Our inquiry must go back to the question of whether or not Fortune could be sued and recovered against as upon a several liability, that is, was his liability under this surety bond several as well as joint with Kreielsheimer? The surety bond here sued upon is not in express terms either joint or several. Aside from its conditions, it reads as follows:

“Know All Men By These Presents, that we Hayes & Porter, Inc., a corporation, as principal being the *26plaintiff herein, and J. Kreielsheimer, and John Fortune, sureties are held and firmly bound unto the defendants, Amos Wood and Alice Empson in the full sum of $3,400 lawful money of the United States, in which sum we bind ourselves, our assigns, heirs, executors and administrators firmly by these presents—”

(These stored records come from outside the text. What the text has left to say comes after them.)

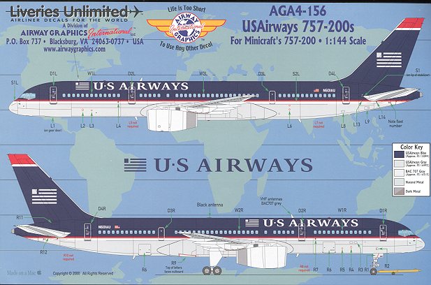 It is hard for me to believe that the B.757 may be nearing the end of its first run with major airlines, but according to the instruction sheet, these are all soon to be replaced at US Airways with Airbus aircraft! Many have found the current US Airways scheme to be very nice, especially compared to the previous one. The almost black dark blue is a nice color, though one must wonder how much extra cooling is needed thanks to the dark scheme.
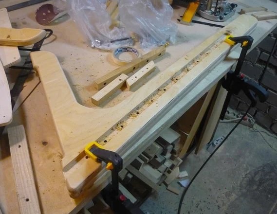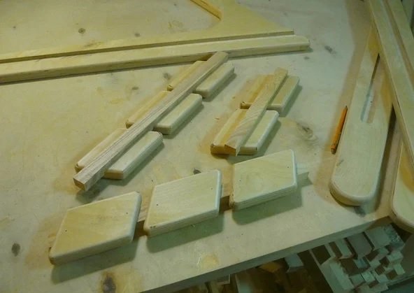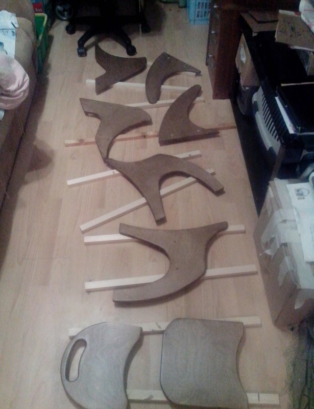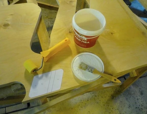вырезать бруски-перемычки для каркаса сидения, соединить с опорными деталями при помощи саморезов и клея;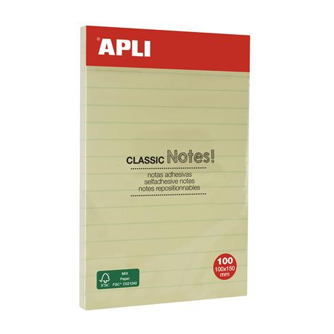 Öntapadó jegyzettömb, vonalas, 100x150 mm, 100 lap, APLI Classic, sárga - ideális üzenethagyásra az irodában és otthon - kiváló tapadás - klasszikus sárga színben - megkapta az FSC (Felelős Erdőgazdálkodás Tanácsa) tanúsítványát, megfelel a környeze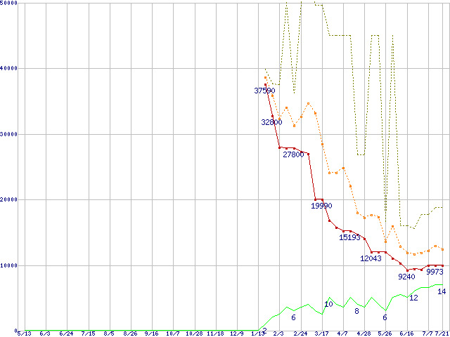※このグラフは過去のデータも税率5%相当に調整した税込み相当額のグラフです。 税率変更や、総額表示方式導入(2004年4月)の影響は除いています。 | | | ●凡例 | 最安値 (点線部は販売店未確認 または未調査) | 平均値 | 最高値 | ショップ数 |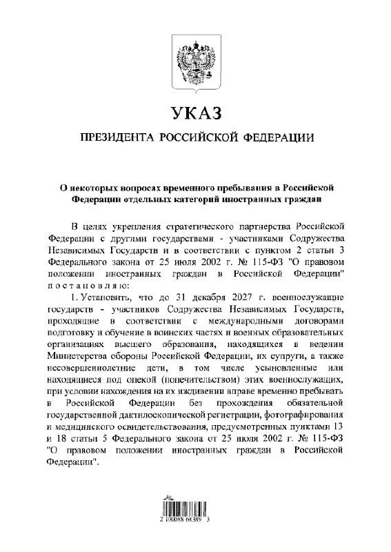 Военные стран СНГ, обучающиеся в России, а также их семьи могут до конца 2027-го временно находиться в России без дактилоскопической регистрации, соответствующий указ подписал Путин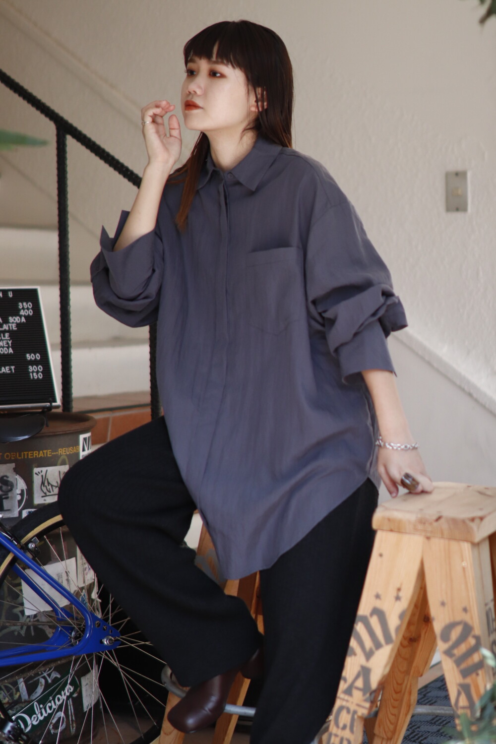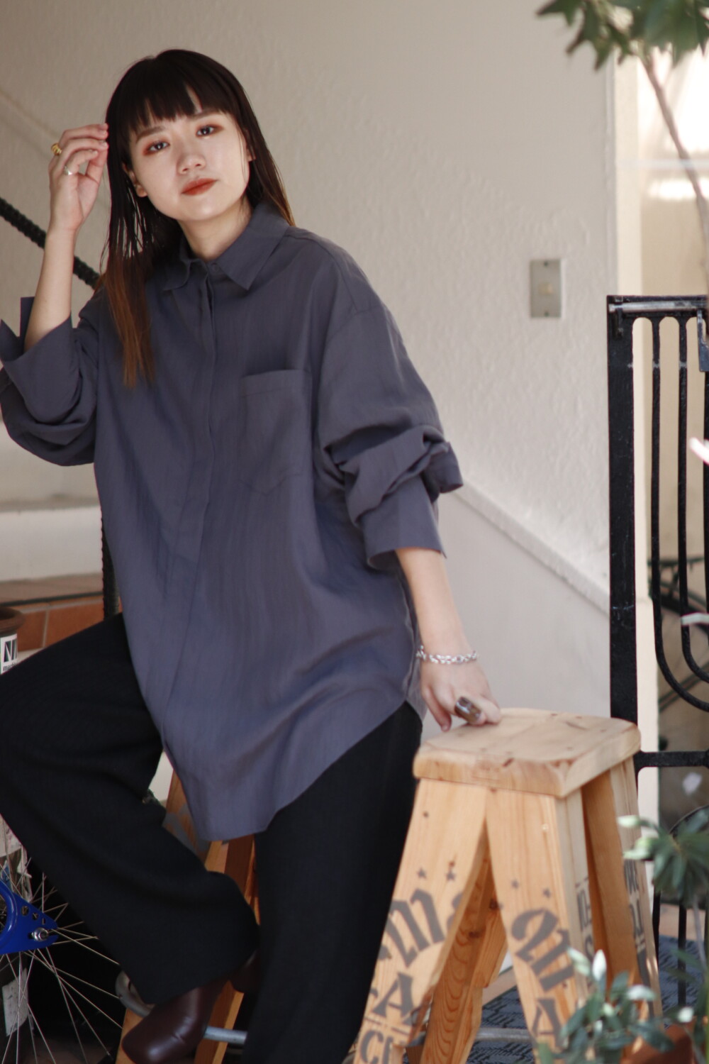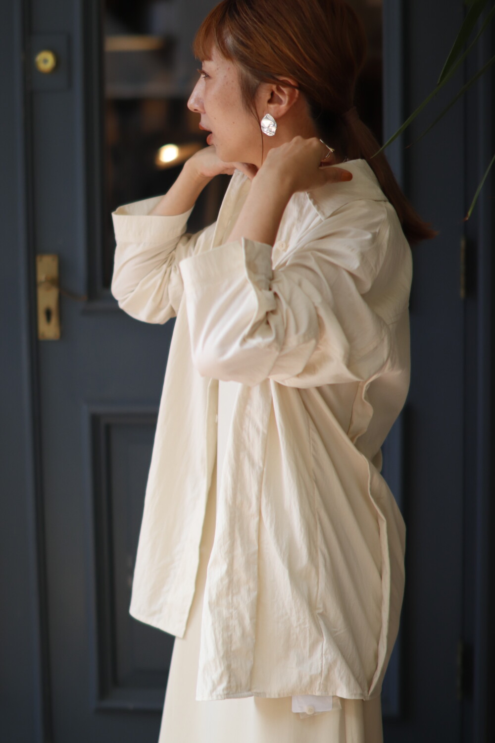 しっとりとした落ち感があるのでジャケットのインナーにも、ワイドパンツにも着回せるアイテム。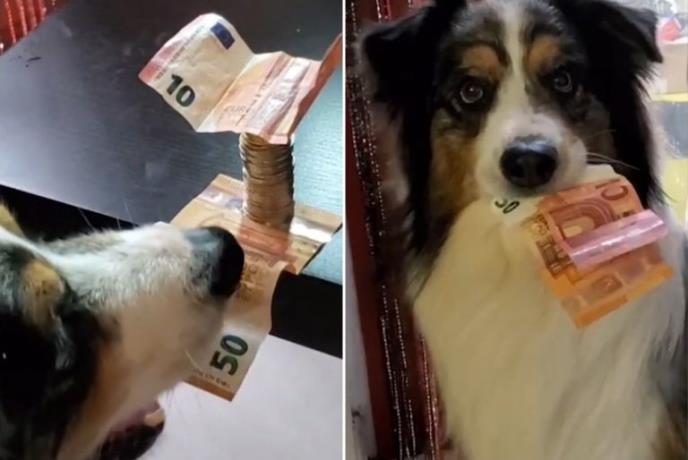 Na snimku se vidi kako Raš vešto izvlači novčanice od pet, od deset i na kraju od 50 evra koje su bile između kovanica, a da pritom nijednu nije oborio. Mislite da je slučajnost? Njegov gazda je ponovio situaciju, drugačije rasporedio novčanice, a kucov je bez problema opet sve izvukao, a da nijedan evro u sitnim apoenima nije srušio.

Counsel have not given us the benefit of the citation of any authorities throwing light upon the question of whether or not the bond is, in law, several as well as joint. What independent investigation we have found time to make upon the subject convinces us that after all it is a question of intent on the part of those who execute such obligations, to be determined from the language of the instrument and the circumstances of each particular case. Looked at in this light, and having in view the purpose of the execution of such bonds and the statutes requiring their execution in order to stay proceedings upon appeal, we feel constrained to adopt the view that this is in law a several as well as a joint obligation. Having arrived at this conclusion, we tbiuk it follows as a matter of course that Fortune could have been sued upon the bond separately, and that he was severally as well as jointly liable for the whole amount recovered thereon. This being so, and Empson being no more unfavorably situated than if she had sued Fortune separately, it was not error to render judgment in her favor against Fortune alone, though she was unable to recover against the executors of his cosurety’s estate.

We conclude that the judgment must be affirmed. It is so ordered. Neither Empson nor Fortune will recover costs in this court, but the executors will recover costs in this court against Empson.

Ellis, C. J., Webster, Main, and Fullerton, JJ., concur.